Первыми стали Жорж Мачерет, большой чин в посольстве Франции (его пост, кажется, назывался "советник по науке и экономике"), и его жена Надя. Жорж – маленького росточка, пузатенький, почему-то уверял, что он караим, хотя, по-моему, просто еврей, а на вопрос "Как дела, Жорж?", мелодично, как колокольчик, и грассируя, отвечал "Бон-бон-бон, покуда хорошо". Это "покуда хорошо" меня покорило сразу. Надя – урожденная Волконская, маленькая, сухонькая, выросла в бедности. Ее отец сперва был рабочим на автомобильной фабрике, потом, кажется, завел авторемонтную мастерскую. Что-то из России его родителям все же вывезти удалось, в просторной квартире Жоржа и Нади в дипломатическом гетто на Кутузовском проспекте на стене висел потемневший и потрескавшийся портрет кого-то из предков, во фраке и с орденской ленточкой на лацкане.
Возможно, это был никакой не Волконский, просто изображение кого-то, по случаю купленное на дешевом аукционе? Я верю, что это был кто-то из Волконских, потому что Надя для меня оказалась высоким образцом аристократизма, а Жорж с его "бон-бон-бон" – примером европейского умения правильно себя вести в любых обстоятельствах.
Когда они меня приглашали в гости, Жорж встречал где-нибудь на отшибе, сажал в машину (по моему, у него был серый Renault-25, во всяком случае, это было чудо по сравнению с "Волгой") и вез мимо мента во двор гетто. На их обедах я впервые узнал, что такое, когда прислуга подает тарелку из-за правого плеча, и надо, вежливо кивнув головой, позволить ей оказаться на нужном месте, между ножами, вилками и ложками, а потом правильно пользоваться прибором.
А прислуга – была та еще. Обученные правилам подачи на стол пожилые сотрудницы КГБ, с презрением смотревшие на меня. Я прятал ноги, обутые в ботинки, купленные в советском магазине, под стол. Наверно, они были чешские или венгерские, а у Жоржа – навощенные стоптанные английские на пяти дырках, и шнурки – завязаны параллельно
С тех пор я никогда не вдеваю шнурки наискось.
Жорж и Надя интересовались искусством. Собирали они в основном шестидесятников, Немухина и Штейнберга, потом заинтересовались Кабаковым и Булатовым, дальше их повело в сторону более молодых художников. Жорж, при всех милейших качествах, был жадноват, предпочитал расплачиваться бартером. Важно было, кто что сможет от него попросить взамен картинки. Андрей Абрамов за свои изумительные рисунки у Жоржа потребовал фотокамеру Contax, о которой давно мечтал, но, видимо, не представлял себе ее стоимость.

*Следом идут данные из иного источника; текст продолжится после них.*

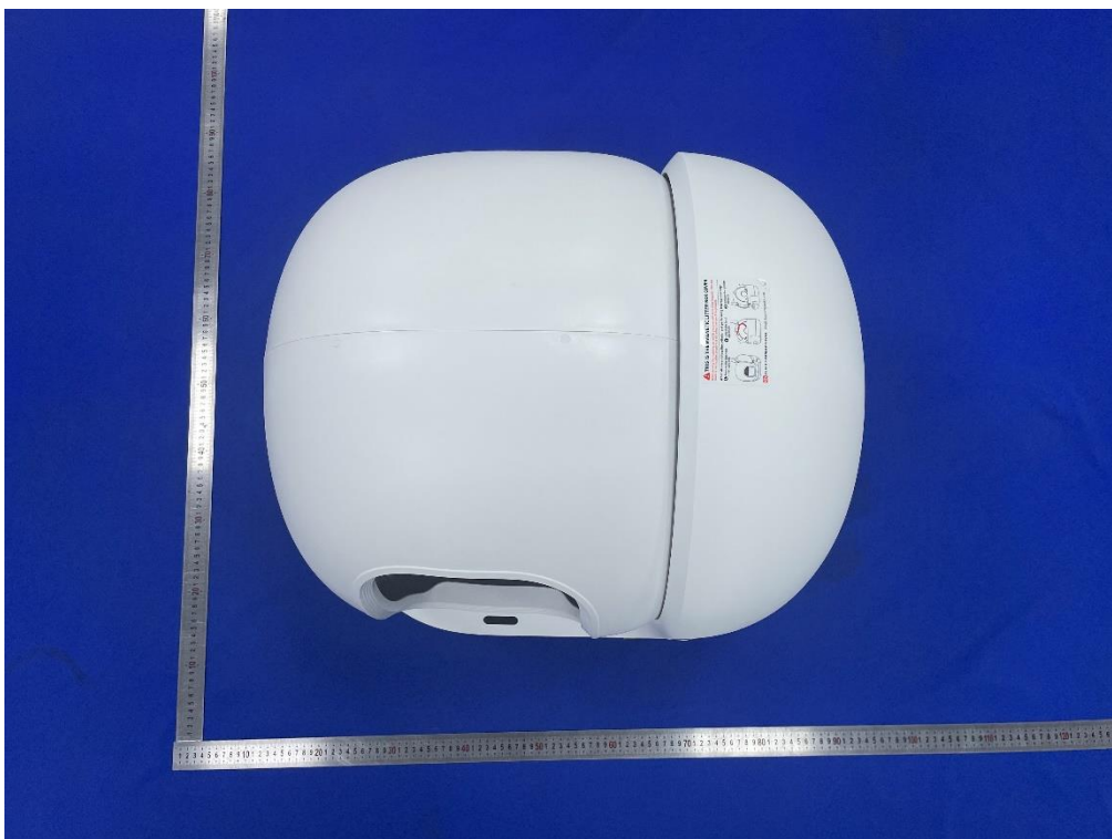
Top of the sample

Жорж, помучавшись, ему Contax принес.
Я у Жоржа попросил, взамен большого количества неплохих картинок, кассетный дабл-деккер, то есть гетто-бластер – мне просто хотелось его иметь. Он эту штуку, дешевый Aiwa, притащил. Так что же – пару лет я и мои друзья на нем слушали музыку, а однажды, поехав с Мишкой Рошалем на пикник под Подольск, мы его использовали для резки шашлыка. Помыли водой из речки – он продолжал играть песни.
Так что спасибо Жоржу Мачерету и Наде Волконской.

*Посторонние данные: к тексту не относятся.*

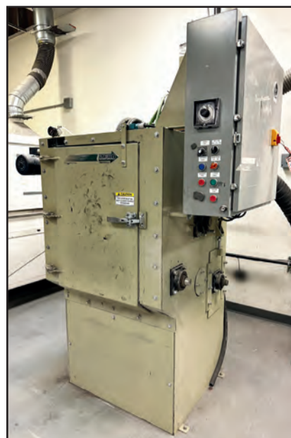
CLEMCO DIA ROTARY TUMBLAST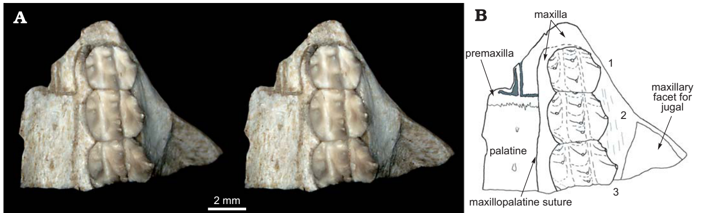
Fig. 1. Tritylodontid cynodont Yuanotherium minor gen. et sp. nov. from the upper part of the Shishugou Formation (Oxfordian, Late Jurassic), Junggar Basin, northwestern Xinjiang, China. IVPP V15335 (holotype), fragment of upper jaw and three anterior postcanines in occlusal view. Stereo pair (A) and explanatory drawing (B). 1–3, the first, second and third left upper postcanines.

А еще у Жоржа была (и, кажется, есть) навязчивая идея. Всех знакомых художников он просил что-нибудь нарисовать на почтовом конверте, все, естественно, соглашались. Какие психоаналитические проблемы с истиной и ее пересылкой были у Мачерета, можно догадываться, это не трудно, однако коллекционерский ход он придумал безошибочный.

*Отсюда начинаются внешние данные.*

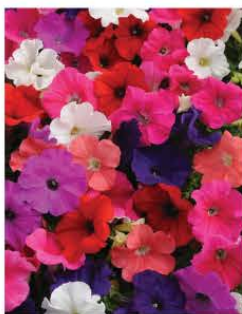
PETUNIA PRETTY FLORA MIX FORMULA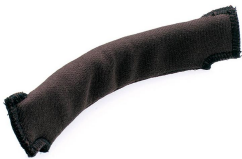
Optimatic / Hellmet Sweat band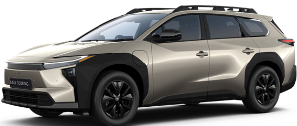
Brilliant Bronze (D35) **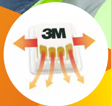
3M™ Cool Flow™ Valve

When working in hot and humid environments, finding both reliable and comfortable respiratory protection is key to helping keep workers safe. With 3M disposable respirators there's a solution: 3M™ Cool Flow™ Valve technology.

Каждый художник, рисуя на конверте, задумывался о концентрации сведений о себе и делал точный автопортрет.
Уйдя на пенсию, Жорж купил дом в деревне на юго-западе Франции, у границы с Испанией. Подружился с местным мэром, он выделил пустовавший средневековый амбар под его коллекцию, и теперь рядом с Перпиньяном есть частный музейчик русского искусства.
Лаванда пахнет, море плещется, Жорж и Надя зовут в гости, но я никак к ним не доберусь, к сожалению. А снова увидеться – хотелось бы. А еще – Жорж в 1993 сильно помог с устройством в Париже выставки русского искусства "Временный адрес", получившейся в Музее почты, но об этом позже.
А потом Мачерет меня свел с Хагеном Ламбсдорфом, советником по культуре немецкого посольства, и с его женой Рут.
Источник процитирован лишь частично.